EXERCISE AIM. A word-for-word copy of the entries, with the images left out, is what you should write.

SOURCE MATERIAL.
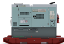
XL AND WH
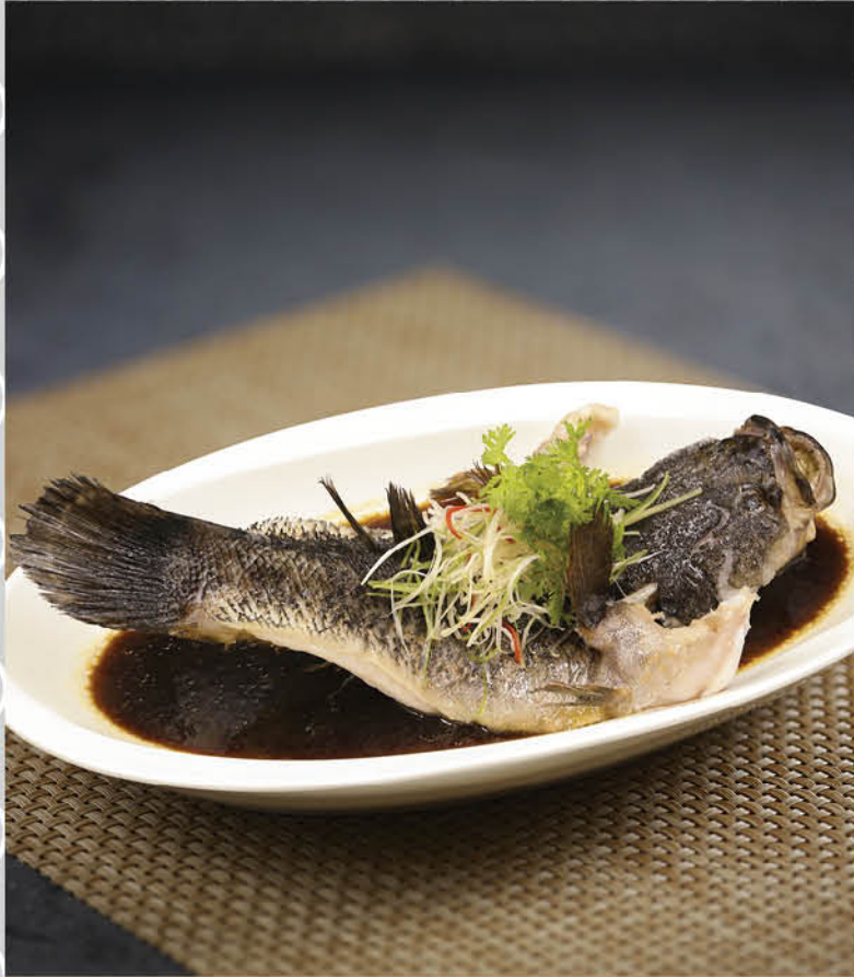
清蒸 Steamed with Supreme Soya Sauce
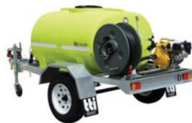
Towable Water Cart
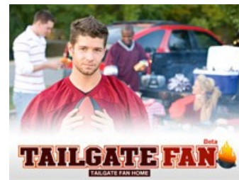
Create A Tailgate & Invite
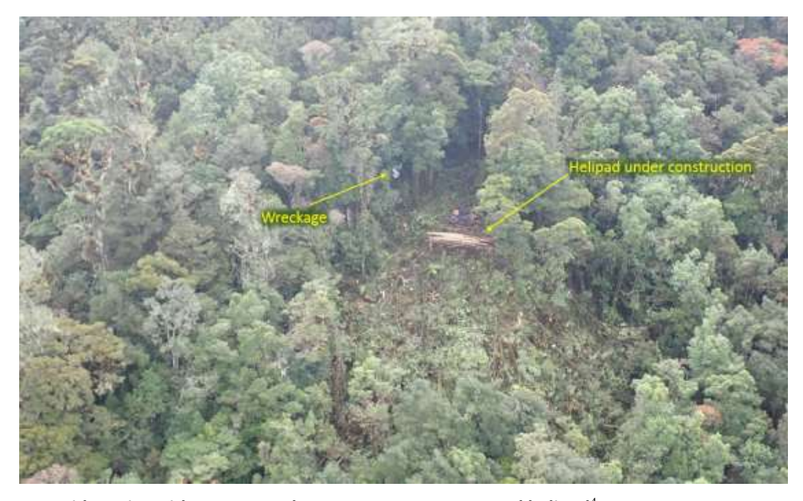
Figure 5: Accident site with respect to the rescue team constructed helipad<sup>4</sup>
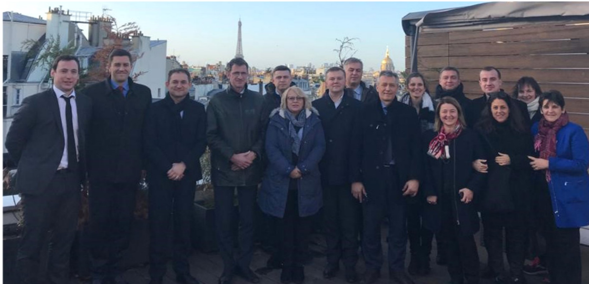
Study Visit in France for Ukrainian Authorities

managing licences and exercising control. This activity was dedicated to Ukrainian licensing, Customs and other enforcement officials from the Ministry of Foreign Affairs, Ministry of Economic Development, Trade and Agriculture, State Service of Export Control, Security Service, State Customs Service and the Institute for Nuclear Research of National Academy of Sciences of Ukraine.
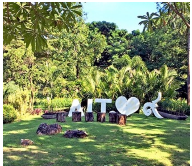
The campus' beautiful landscape

RESPONSE TO THIS TASK.
XL AND WH
清蒸 Steamed with Supreme Soya Sauce
Towable Water Cart
Create A Tailgate & Invite
Figure 5: Accident site with respect to the rescue team constructed helipad<sup>4</sup>
Study Visit in France for Ukrainian Authorities

managing licences and exercising control. This activity was dedicated to Ukrainian licensing, Customs and other enforcement officials from the Ministry of Foreign Affairs, Ministry of Economic Development, Trade and Agriculture, State Service of Export Control, Security Service, State Customs Service and the Institute for Nuclear Research of National Academy of Sciences of Ukraine.
The campus' beautiful landscape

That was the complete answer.